The data administration module provides a range of functions to ensure that the data stored in the DHIS2 database is integral and that the database performance is optimised. These functions should be executed on a regular basis by a data administrator to ensure that the quality of the data stored is optimal.

Data integrity

DHIS2 can perform a wide range of data integrity checks on the data contained in the database. Identifying and correcting data integrity issues is extremely important for ensuring that the data used for analysis purposes is valid. Each of the data integrity checks that are performed by the system will be described, along with general procedures that can be performed to resolve these issues.

Data elements without data set

Each data element must be assigned to a data set. Values for data elements will not be able to be entered into the system if a data element is not assigned to a data set. Choose Maintenance->Datasets->Edit from the main menu and then add the "orphaned" data element to the appropriate data set.

Data elements without groups

Some Data Elements have been allocated to several Data Element Groups. This is currently not allowed, because it will result in duplication of linked data records in the analytics record sets that provide aggregated data. Go to Maintenance -> Data Element Groups to review each Data Element identified and remove the incorrect Group allocations.

Data elements violating exclusive group sets

Some data elements have been allocated to several data element groups that are members of the same data element group set. All group sets in DHIS2 are defined as exclusive, which means that a data element can only be allocated to one data element group within that group set. Go to Maintenance -> Data elements and indicators -> Data element groups to review each data element identified in the integrity check. Either remove the data element from all groups except the one that it should be allocated to, or see if one of the groups should be placed in a different group set.
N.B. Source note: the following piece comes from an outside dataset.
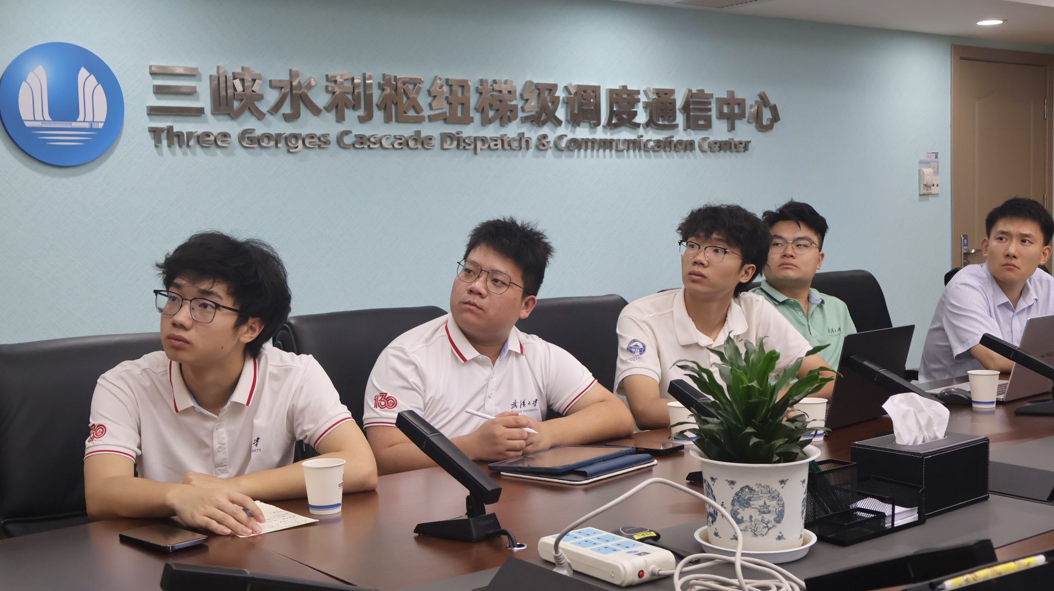 在与三峡水利枢纽梯级调度通信中心的座谈会上,中心技术骨干向同学们介绍了在防洪减灾工作中独立自主开发的水情遥测系统,被誉为防汛工作的“预警机”、水库调度的“参谋部”、水雨情的“千里眼”,是开展好枢纽防汛、电力生产、工程建设等各项工作的重要保障。“三峡梯调中心如何应对连续暴雨天气影响?”专家介绍道,“需进一步加强系统性联合防洪调度,既要解决梯级水库什么时候拦、哪个水库先拦、每个水库拦多少的问题,还要考虑枢纽大坝安全、航运、发电等多方面因素。每一次调度背后,不仅是审时度势、精密测算,更是多方考虑的平衡协调。”在提问与解答过程中,队员们进一步明晰了三峡梯调中心防洪预警发展方向与生态治理目标,对推动长江模拟器赋能流域水灾害治理充满信心。

Data elements in data set but not in form or sections

Data elements have been assigned to a data set, but have not been assigned to any sections of the data set forms. All data sets which use section forms, should generally have all data elements in the data set assigned to exactly one section of the dataset.

Data elements assigned to data sets with different period types

Data elements should not be assigned to two separate data sets whose period types differ. The recommended approach would be to create two separate data elements (for instance a monthly and yearly data element) and assign these to respective datasets.

Data sets not assigned to organisation units

All data sets should be assigned to at least one organisation unit.

Sections with invalid category combinations

Data sets which use section forms should only have a single category combination within each section. This violation could result from assigning a data element to a section, but then changing the category combination of this data element at a later point in time.

Indicators with identical formulas

Although this rule will not affect data quality, it generally does not make sense to have two indicators with the exact same definition. Review the identified indicators and their formulas and delete or modify any indicator that appears to be the duplicate.

Indicators without groups

All data elements and indicators must be assigned to at least one group, so these Indicators need to be allocated to their correct Data Element and Indicator Group. From the main menu, go to Data elements/Indicators -> Indicator Groups, and allocate each of the `Orphaned` indicators to its correct group.

Invalid indicator numerators

Violations of this rule may be caused by an incorrect reference to a deleted or modified data element. Review the indicator and make corrections to the numerator definition.

Invalid indicator denominators

Violations of this rule may be caused by an incorrect reference to a deleted or modified data element. Review the indicator and make corrections to the denominator definition.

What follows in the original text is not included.